For those who are unaware, the album is a collaboration between Queens Of The Stone Age’s Josh Homme, Arctic Monkeys drummer Matt Helders and LA multi-instrumentalist Dean Fertita (also currently QotSA). It is Joshua Homme that brought this album to my attention as I follow his work as closely as I can. Anything he touches musically is so so awesome thanks to his ability to evolve his sounds and output. He is smoothness personified in my opinion, his music is like silk to my ears. Even …Like Clockwork, the Queens last output, it dealt with themes of life and death. It was dark. It was heavy. It was supreme. But Homme still makes it 100% listenable. Pop is the essence of 70’s punk: Brash, outlandish, a voice filled with life and experience. But this album is him at his most thoughtful. As NME succinctly put it, this album is a coming together of these two musical deities and their skills: “Brilliantly, that’s what ‘Post Pop Depression’ actually sounds like. Iggy’s vocals and lyrics are astounding – he’s like an angry young man all over again, and is far more gnarly and potent than any of his contemporaries”

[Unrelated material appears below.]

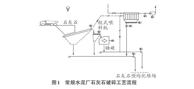該水泥廠原有石灰石碎石生產(chǎn)線為重型板式喂料機(jī)+波動(dòng)輥式喂料機(jī)+重錘式破碎機(jī)體系,聯(lián)合粉碎能力通常在900~1100噸/時(shí),工藝流程見圖1:
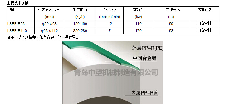 生產(chǎn)線由PP-R 內(nèi)管成型 鋁箔成型,涂膠、外覆擠出等部分組成。穩(wěn)態(tài)PP-R管與普通PP-R 管相比,除保持純PP-R 塑料管材耐高溫,聯(lián)接方便等特點外。具有熱膨脹系數(shù)小( 為純PP-R 管材的1/3),耐壓強度高,抗紫外線,低溫抗沖擊性能好等特點, 大大拓寬了普通PP-R 管道的應(yīng)用范圍。該生產(chǎn)線不但可以生產(chǎn)穩(wěn)態(tài)PP-R 管材,還可以生產(chǎn)普通PP-R 管材。

Ok. Let’s break down the songs.
1.     Break Into Your Heart
Pop doesn’t need to slowly break you into his style. He just goes for it. The moment I heard the first 0:22 seconds are just so memorable. Iggy with a haunting sounding guitar behind his painfully somber lyrics [emphasis is mine]:

“I’m gonna break into YOUR heart,
I’m gonna crawl under YOUR skin,
I’m gonna break into YOUR heart,
And follow. Till I see where you begin. “

They’re hauntingly beautiful, matching the guitar. Then we get the first taste of the collaboration. Matt’s drums throughout are tight. Dean’s bass is heavy, thumping, rhythmic, mesmerizing. The song as a whole just grips you and pulls you in.

2.     Gardenia
This is my favourite song on the album. I just find the music so uplifting after the emotional journey that was Break Into Your Heart. Wonderfully melodic chords, a perfect balance of clear music and Iggy’s voice. Josh’s backing lyrics add to the songs balance. Iggy’s ‘matter-of-fact story telling come to the fore massively here.
“America’s greatest living poet / was ogling you all night / you SHOULD BE WEARING THE FINEST GOWN.”
The subject is admonished for not looking her best for her ‘oogler’. It’s musical narration at its finest.

3.     American Valhalla
Again, the drums and bass to bring us into this song are excellent. Then, just listen to Pop and Homme speak about this song, from the horses mouths so to speak!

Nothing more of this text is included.